- [Description of the task] Set down the data below without change, skipping the pictures it holds.

Collected data entries:
[Start of Attachment]
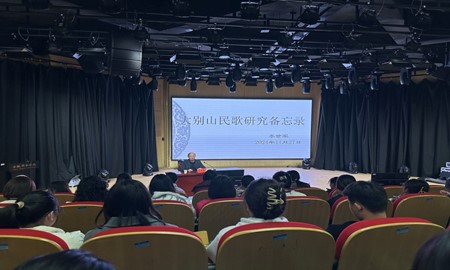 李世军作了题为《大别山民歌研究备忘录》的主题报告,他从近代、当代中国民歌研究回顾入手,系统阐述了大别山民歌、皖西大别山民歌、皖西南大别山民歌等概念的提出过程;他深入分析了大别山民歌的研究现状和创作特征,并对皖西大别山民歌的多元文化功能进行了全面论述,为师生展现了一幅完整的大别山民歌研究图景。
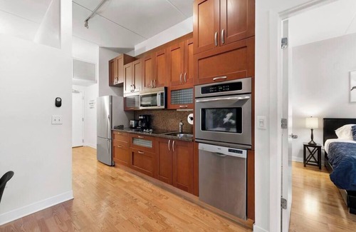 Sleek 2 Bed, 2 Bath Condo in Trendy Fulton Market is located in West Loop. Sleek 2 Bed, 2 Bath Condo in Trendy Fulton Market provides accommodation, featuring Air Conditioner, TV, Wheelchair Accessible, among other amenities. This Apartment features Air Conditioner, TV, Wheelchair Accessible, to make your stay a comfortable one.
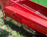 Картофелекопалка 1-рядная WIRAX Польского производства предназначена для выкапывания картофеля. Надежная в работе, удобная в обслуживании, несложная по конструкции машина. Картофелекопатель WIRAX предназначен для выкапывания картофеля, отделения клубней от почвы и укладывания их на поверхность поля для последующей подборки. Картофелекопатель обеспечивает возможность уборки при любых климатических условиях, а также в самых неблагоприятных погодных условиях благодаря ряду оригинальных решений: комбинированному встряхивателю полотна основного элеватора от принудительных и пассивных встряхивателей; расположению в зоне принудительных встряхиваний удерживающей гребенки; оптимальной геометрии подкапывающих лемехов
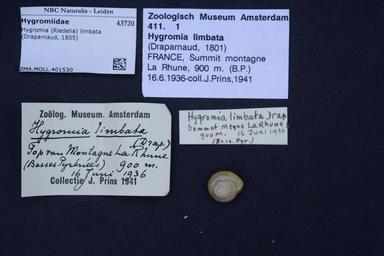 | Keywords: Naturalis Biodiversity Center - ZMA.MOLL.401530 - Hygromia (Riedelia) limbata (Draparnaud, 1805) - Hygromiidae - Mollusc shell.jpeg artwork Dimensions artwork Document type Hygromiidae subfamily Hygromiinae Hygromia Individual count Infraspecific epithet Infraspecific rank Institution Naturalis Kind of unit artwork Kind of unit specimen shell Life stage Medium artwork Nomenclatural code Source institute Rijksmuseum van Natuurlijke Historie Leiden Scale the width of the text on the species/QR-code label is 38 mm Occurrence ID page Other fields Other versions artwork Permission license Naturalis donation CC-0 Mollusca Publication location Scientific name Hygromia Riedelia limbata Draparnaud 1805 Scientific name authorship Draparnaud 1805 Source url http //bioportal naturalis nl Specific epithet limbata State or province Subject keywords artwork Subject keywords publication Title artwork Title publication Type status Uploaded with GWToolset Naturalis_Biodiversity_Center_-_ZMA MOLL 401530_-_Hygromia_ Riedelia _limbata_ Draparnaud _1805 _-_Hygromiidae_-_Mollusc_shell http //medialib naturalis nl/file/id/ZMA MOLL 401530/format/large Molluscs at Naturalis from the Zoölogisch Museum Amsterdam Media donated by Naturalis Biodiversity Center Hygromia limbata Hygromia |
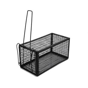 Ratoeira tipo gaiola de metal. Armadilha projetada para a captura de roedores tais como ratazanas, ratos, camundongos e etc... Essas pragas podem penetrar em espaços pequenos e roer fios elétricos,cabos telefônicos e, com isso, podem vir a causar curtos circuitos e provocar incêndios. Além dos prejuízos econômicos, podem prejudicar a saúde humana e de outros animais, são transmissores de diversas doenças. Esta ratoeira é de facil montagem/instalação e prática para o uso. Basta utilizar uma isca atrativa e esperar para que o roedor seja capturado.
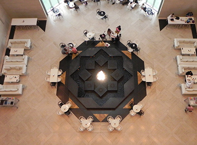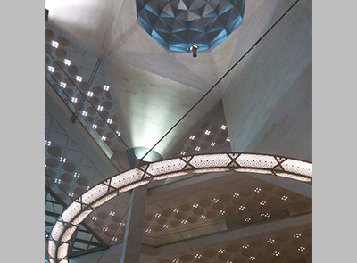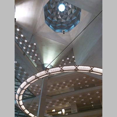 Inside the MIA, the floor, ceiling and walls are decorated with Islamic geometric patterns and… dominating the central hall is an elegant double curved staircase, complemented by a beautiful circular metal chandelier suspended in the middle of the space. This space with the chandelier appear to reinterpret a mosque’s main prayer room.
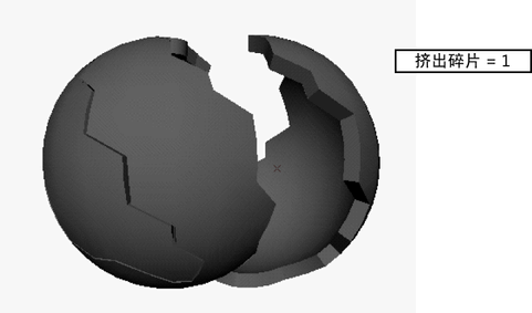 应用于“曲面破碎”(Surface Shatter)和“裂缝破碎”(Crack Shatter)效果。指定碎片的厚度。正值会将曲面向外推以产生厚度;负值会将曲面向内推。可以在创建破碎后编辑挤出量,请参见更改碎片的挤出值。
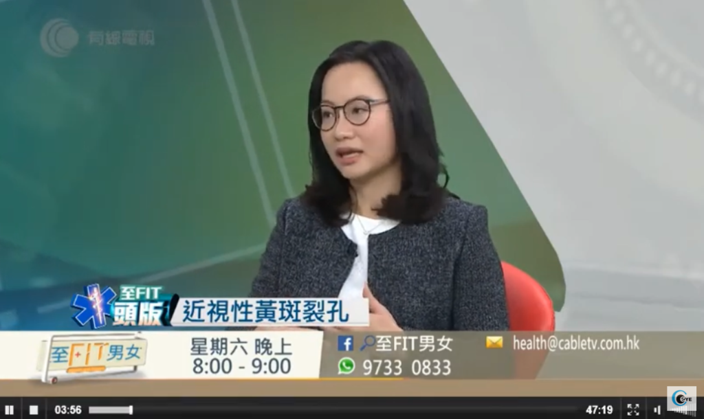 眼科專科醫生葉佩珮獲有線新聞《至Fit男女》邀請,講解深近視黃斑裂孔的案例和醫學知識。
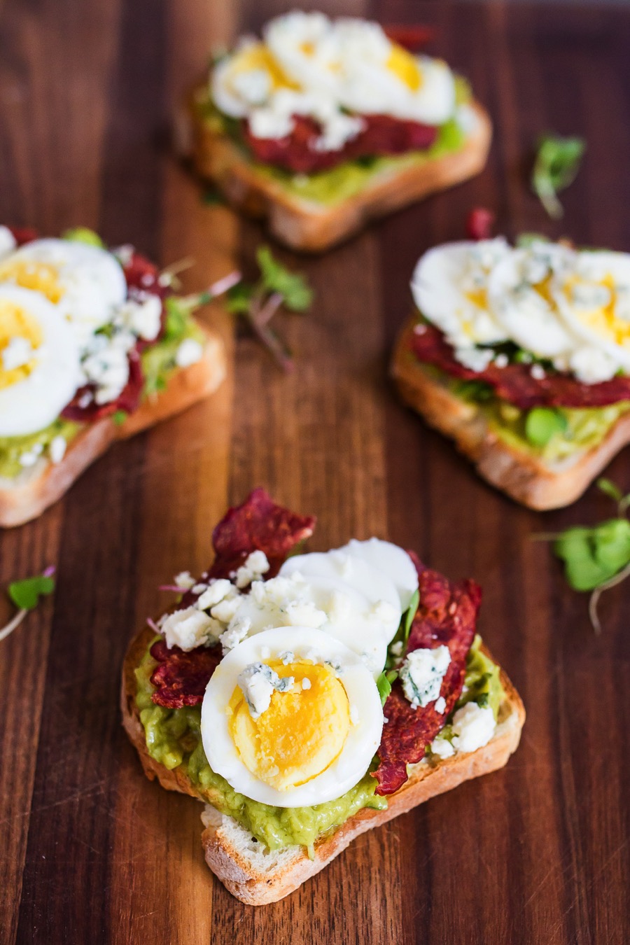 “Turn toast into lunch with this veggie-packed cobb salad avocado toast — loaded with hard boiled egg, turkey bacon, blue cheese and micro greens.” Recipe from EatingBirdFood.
[End of Attachment]
- [Response]
 李世军作了题为《大别山民歌研究备忘录》的主题报告,他从近代、当代中国民歌研究回顾入手,系统阐述了大别山民歌、皖西大别山民歌、皖西南大别山民歌等概念的提出过程;他深入分析了大别山民歌的研究现状和创作特征,并对皖西大别山民歌的多元文化功能进行了全面论述,为师生展现了一幅完整的大别山民歌研究图景。
 Sleek 2 Bed, 2 Bath Condo in Trendy Fulton Market is located in West Loop. Sleek 2 Bed, 2 Bath Condo in Trendy Fulton Market provides accommodation, featuring Air Conditioner, TV, Wheelchair Accessible, among other amenities. This Apartment features Air Conditioner, TV, Wheelchair Accessible, to make your stay a comfortable one.
 Картофелекопалка 1-рядная WIRAX Польского производства предназначена для выкапывания картофеля. Надежная в работе, удобная в обслуживании, несложная по конструкции машина. Картофелекопатель WIRAX предназначен для выкапывания картофеля, отделения клубней от почвы и укладывания их на поверхность поля для последующей подборки. Картофелекопатель обеспечивает возможность уборки при любых климатических условиях, а также в самых неблагоприятных погодных условиях благодаря ряду оригинальных решений: комбинированному встряхивателю полотна основного элеватора от принудительных и пассивных встряхивателей; расположению в зоне принудительных встряхиваний удерживающей гребенки; оптимальной геометрии подкапывающих лемехов
 | Keywords: Naturalis Biodiversity Center - ZMA.MOLL.401530 - Hygromia (Riedelia) limbata (Draparnaud, 1805) - Hygromiidae - Mollusc shell.jpeg artwork Dimensions artwork Document type Hygromiidae subfamily Hygromiinae Hygromia Individual count Infraspecific epithet Infraspecific rank Institution Naturalis Kind of unit artwork Kind of unit specimen shell Life stage Medium artwork Nomenclatural code Source institute Rijksmuseum van Natuurlijke Historie Leiden Scale the width of the text on the species/QR-code label is 38 mm Occurrence ID page Other fields Other versions artwork Permission license Naturalis donation CC-0 Mollusca Publication location Scientific name Hygromia Riedelia limbata Draparnaud 1805 Scientific name authorship Draparnaud 1805 Source url http //bioportal naturalis nl Specific epithet limbata State or province Subject keywords artwork Subject keywords publication Title artwork Title publication Type status Uploaded with GWToolset Naturalis_Biodiversity_Center_-_ZMA MOLL 401530_-_Hygromia_ Riedelia _limbata_ Draparnaud _1805 _-_Hygromiidae_-_Mollusc_shell http //medialib naturalis nl/file/id/ZMA MOLL 401530/format/large Molluscs at Naturalis from the Zoölogisch Museum Amsterdam Media donated by Naturalis Biodiversity Center Hygromia limbata Hygromia |
 Ratoeira tipo gaiola de metal. Armadilha projetada para a captura de roedores tais como ratazanas, ratos, camundongos e etc... Essas pragas podem penetrar em espaços pequenos e roer fios elétricos,cabos telefônicos e, com isso, podem vir a causar curtos circuitos e provocar incêndios. Além dos prejuízos econômicos, podem prejudicar a saúde humana e de outros animais, são transmissores de diversas doenças. Esta ratoeira é de facil montagem/instalação e prática para o uso. Basta utilizar uma isca atrativa e esperar para que o roedor seja capturado.
 Inside the MIA, the floor, ceiling and walls are decorated with Islamic geometric patterns and… dominating the central hall is an elegant double curved staircase, complemented by a beautiful circular metal chandelier suspended in the middle of the space. This space with the chandelier appear to reinterpret a mosque’s main prayer room.
 应用于“曲面破碎”(Surface Shatter)和“裂缝破碎”(Crack Shatter)效果。指定碎片的厚度。正值会将曲面向外推以产生厚度;负值会将曲面向内推。可以在创建破碎后编辑挤出量,请参见更改碎片的挤出值。
 眼科專科醫生葉佩珮獲有線新聞《至Fit男女》邀請,講解深近視黃斑裂孔的案例和醫學知識。
 “Turn toast into lunch with this veggie-packed cobb salad avocado toast — loaded with hard boiled egg, turkey bacon, blue cheese and micro greens.” Recipe from EatingBirdFood.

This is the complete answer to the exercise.